Nickel and cobalt act as charge balancers that can adjust as the charge carrier, lithium, moves throughout charging and discharging.

Manganese is mostly considered a structure stabilizer; because of its size and high oxidation state, it forms the layered structure with these other compounds. It is generally used as opposed to other structural aids because it is very cheap.

Oxygen is considered an "anion" as opposed to the rest of the "cations" due to its negative charge. For this structure to form at all, some anion must be present, and oxygen is cheap and easy to work with. Increasingly literature indicates that oxygen plays a profound and unexpected role in NMC batteries, participating in the same "redox" (reduction and oxidation which means gaining or losing electrons i.e changes in oxidation state) reactions as nickel and cobalt, only in this case it happens at high voltages when most lithium has left the cell.

There is a whole periodic table of elements to try in these structures, and the combinations are effectively endless. This is exactly what researchers do; in industry, there's no reason to try the expensive elements like gold or platinum as they could never be cost competitive, but academics will try just about anything to see if there's a change in result and then they have to ascertain "why."

In some cases, these elements are "doped" into the cathode at very small levels as in maybe just 1 for every 1000 lithium ions (believe it or not this can have a big effect). Other times, in the case of iron for example, it is added in as a replacement to nickel or cobalt at an amount as high as 10 iron ions per 100 lithium ions.

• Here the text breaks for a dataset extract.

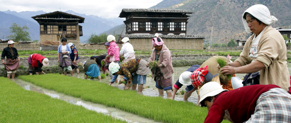 Nông dân trên một cánh đồng ở Bhutan. Ảnh: Bhutan Holiday Planner

Titanium for example is often used as another stabilizer ion as it has similar traits to manganese.

Increasingly, manufacturers have a secret sauce in their cathodes. It's already non-trivial to reverse engineer a cathode to see what the ratio is of the elements inside, but it's even harder to figure out the processing conditions that were used to make it like that.

Density

For every lithium ion that moves during discharge, one electron can travel through the circuit. So if as in the above example we can shuttle 65% of the total lithium back and forth sustainably, then we get that many electrons, and thus that much electricity. There's no two ways about it!

We want to get this electricity number as high as possible for a given cathode, because we are always also trying to optimize for density. Cathodes are heavy (they are full of metals after all) and they can also be quite large in volume. Ideally, we want the smallest possible cathode and the lightest possible cathode that can deliver the highest possible power and energy. Remember, power is how fast the car can accelerate, and energy is how far the car can go.

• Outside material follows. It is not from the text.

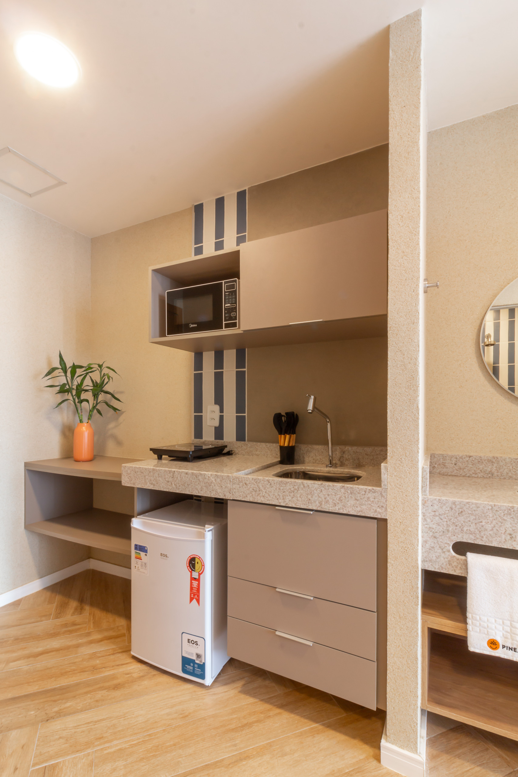 El espacio aún ofrece comodidades que van más allá de lo esperado, incluyendo un área de coworking, ideal para quienes necesitan conciliar ocio y trabajo, y un práctico mercadito inteligente, garantizando un acceso rápido a artículos esenciales sin salir del condominio. Para su conveniencia, hay también un guardarropa de 1 volumen y un vestuario, con ducha y sanitario, ambos disponibles gratuitamente para los huéspedes, además de recepción 24 horas. Todo fue pensado para proporcionarle una estancia con el máximo de comodidad, practicidad y conveniencia.

We also want the cathode to cost as little as possible/per the amount of energy and power we get.

This leaves us with six different densities:

Property Metric Density
Weight Energy Gravimetric energy density
Weight Power Gravimetric power density
Size Energy Volumetric energy density
Size Power Volumetric power density
Cost Energy Price energy density
Cost Power Price power density

These densities are always optimized for any given cathode, and which is important depends on the application.

For example, for phones, cost of the battery is small compared to all the electronics since the battery itself only needs to power a small device for about a day, so it's fine to use all cobalt batteries because they can make the battery both as light as possible and small as possible for still very good metrics.

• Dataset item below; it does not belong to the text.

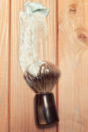 Luxury wooden background with shaving brush and soap
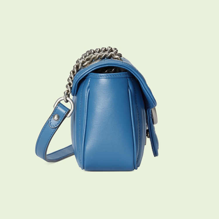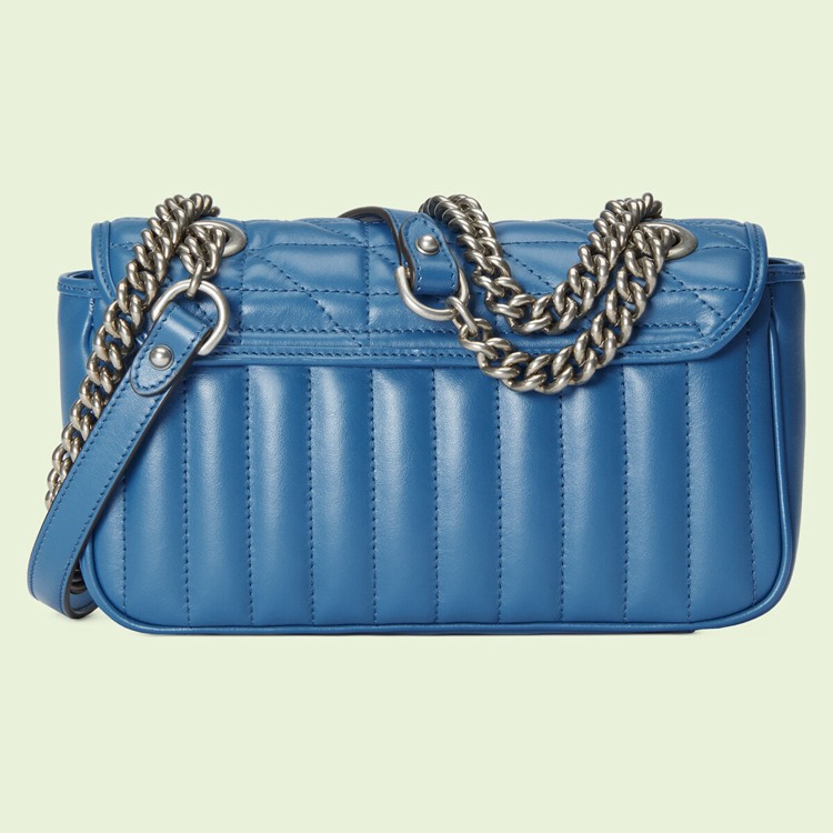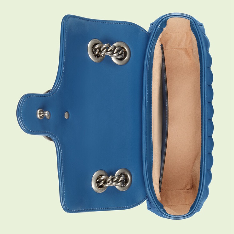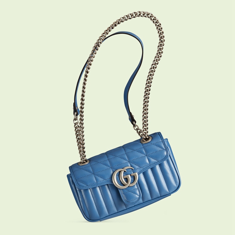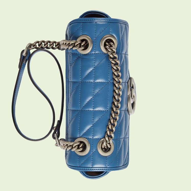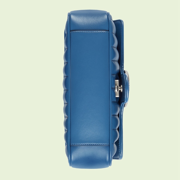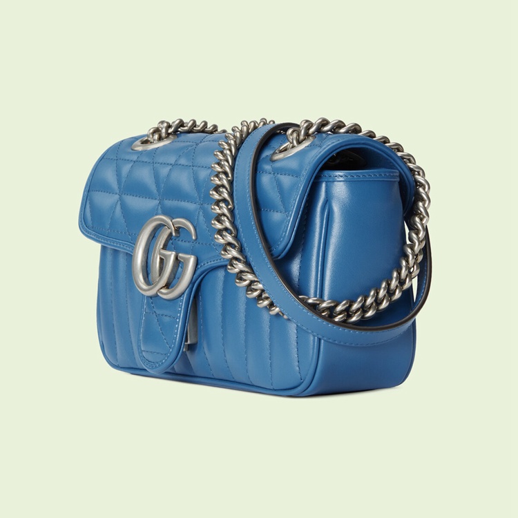 Style 446744 UM8AF 4340 The GG Marmont is reimagined through eye-catching New shades and textures. A recognizable member of The Beloved lines, The line is defined by its Double G hardware and matelassé leather. As a Part of Gucci Love Parade, a New iteration of The line is introduced in blue With two different quilted geometric motifs. The mini shoulder bag is completed by silver-toned Double G hardware.

For cars on the other hand, price matters a lot, since cars need much larger batteries, but weight matters very little and size is not as important, hence why LFP (much larger size than NMC) is suitable for most cheap car alternatives, but there is still some balance needed, for more premium cars, NMC622 or even 811 could be better choices.

Finally, in the case of stationary storage, that is, batteries to store energy from solar, wind etc, size and weight matter practically not at all since these are usually huge facilities in the middle of nowhere, and so generally the cheapest batteries possible are used. In this case even the lithium in LFP is too expensive so it looks like mainly sodium batteries will take this market.